··· The input

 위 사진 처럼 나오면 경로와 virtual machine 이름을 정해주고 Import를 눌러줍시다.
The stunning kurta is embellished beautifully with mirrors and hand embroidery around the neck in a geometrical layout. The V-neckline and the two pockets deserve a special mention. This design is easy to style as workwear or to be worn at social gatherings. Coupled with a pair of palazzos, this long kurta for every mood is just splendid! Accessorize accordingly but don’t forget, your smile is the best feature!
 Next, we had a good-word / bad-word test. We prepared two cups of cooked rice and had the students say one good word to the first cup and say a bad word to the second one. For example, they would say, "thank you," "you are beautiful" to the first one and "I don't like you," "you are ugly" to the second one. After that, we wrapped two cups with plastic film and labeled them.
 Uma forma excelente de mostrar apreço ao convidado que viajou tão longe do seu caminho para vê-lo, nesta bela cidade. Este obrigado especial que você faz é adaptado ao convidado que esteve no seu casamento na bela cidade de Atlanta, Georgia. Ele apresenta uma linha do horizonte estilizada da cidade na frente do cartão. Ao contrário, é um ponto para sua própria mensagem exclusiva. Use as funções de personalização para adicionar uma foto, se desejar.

······
··· The input

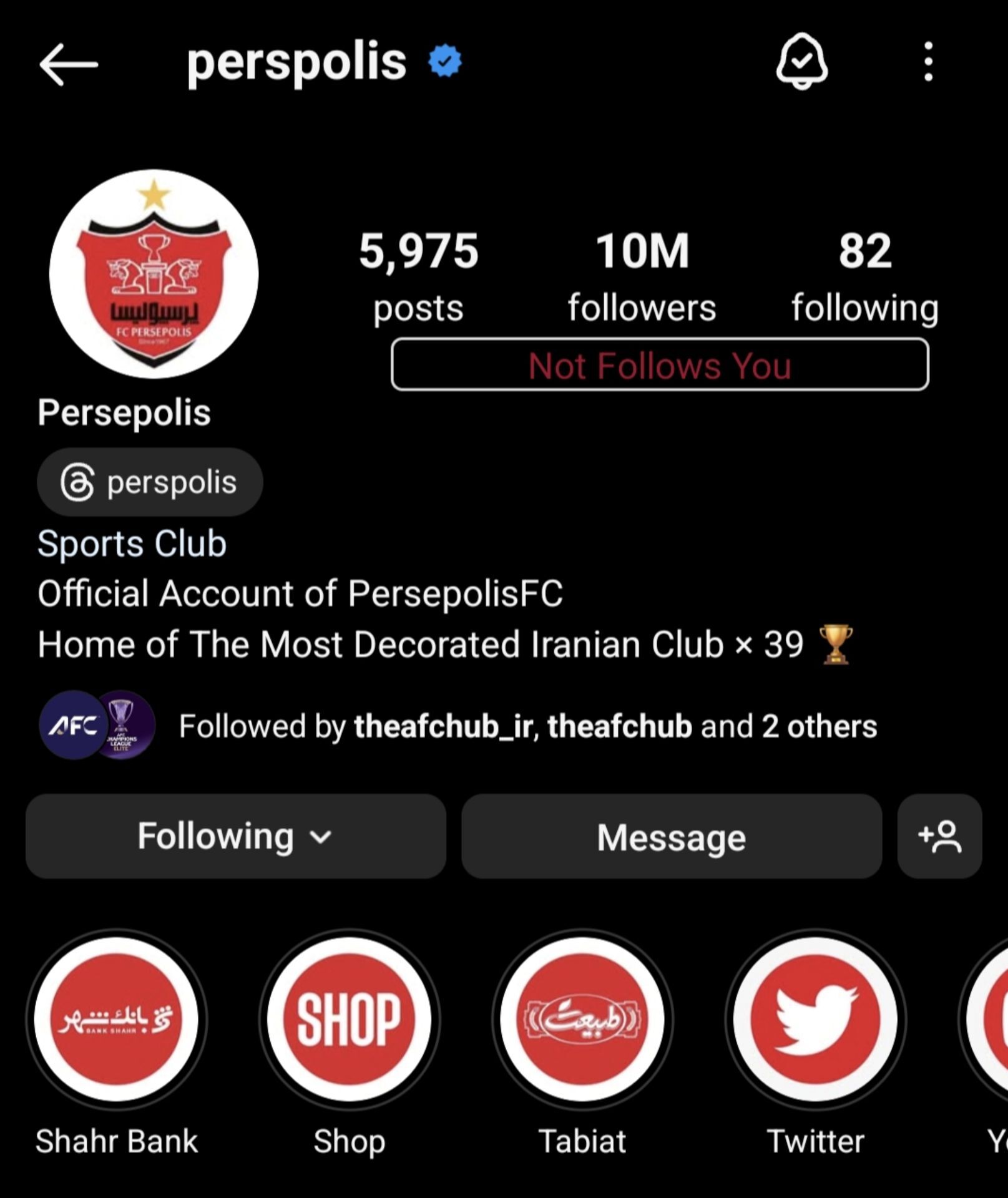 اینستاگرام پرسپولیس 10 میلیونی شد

······

• Exercise directions:
What is needed is a single number: how many lines of the data contain the word "with".

• Result of the exercise:
2